• [PROVIDED MATERIAL]:
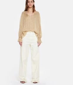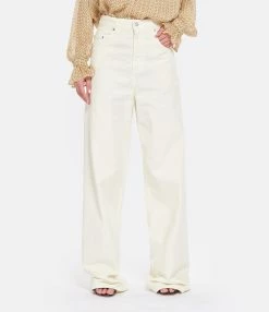 Jean large en denim de coton écru. Fermeture par zip et bouton. Cinq poches. Passants pour ceinture. Coupe droite. Base droite.
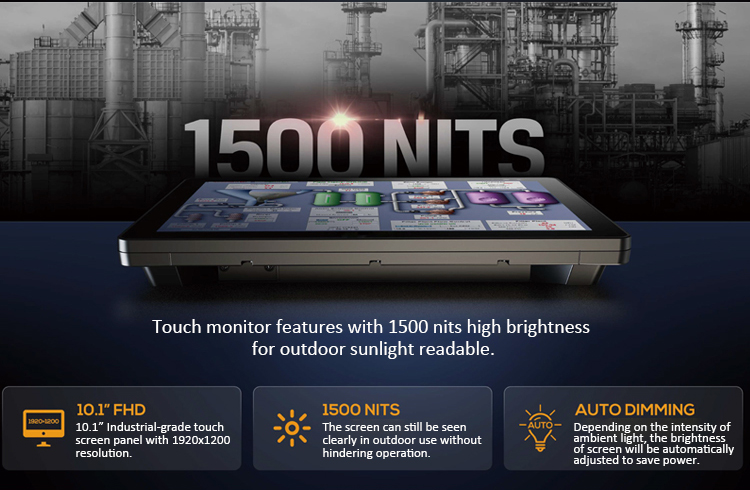 * 1500nits High Brightness for Outdoor Sunlight Readable
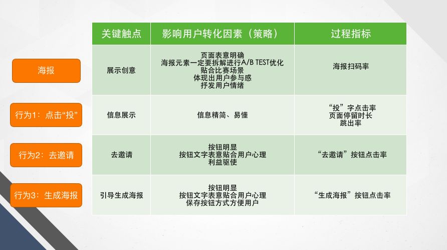 通过之前在研究活动可行性的时候,对过程指标海报扫码数、海报保存数所做的策略进行筛选,把重点放在QQ群、微信群;朋友圈;球迷社区(懂球帝...)三个主战场

• [GOAL OF THE EXERCISE]:
Take the line containing "Outdoor Sunlight Readable" and all lines after it to the end of the data above, and reproduce them exactly, leaving out pictures. Nothing else belongs in the copy.

• [REPLY]:
 * 1500nits High Brightness for Outdoor Sunlight Readable
 通过之前在研究活动可行性的时候,对过程指标海报扫码数、海报保存数所做的策略进行筛选,把重点放在QQ群、微信群;朋友圈;球迷社区(懂球帝...)三个主战场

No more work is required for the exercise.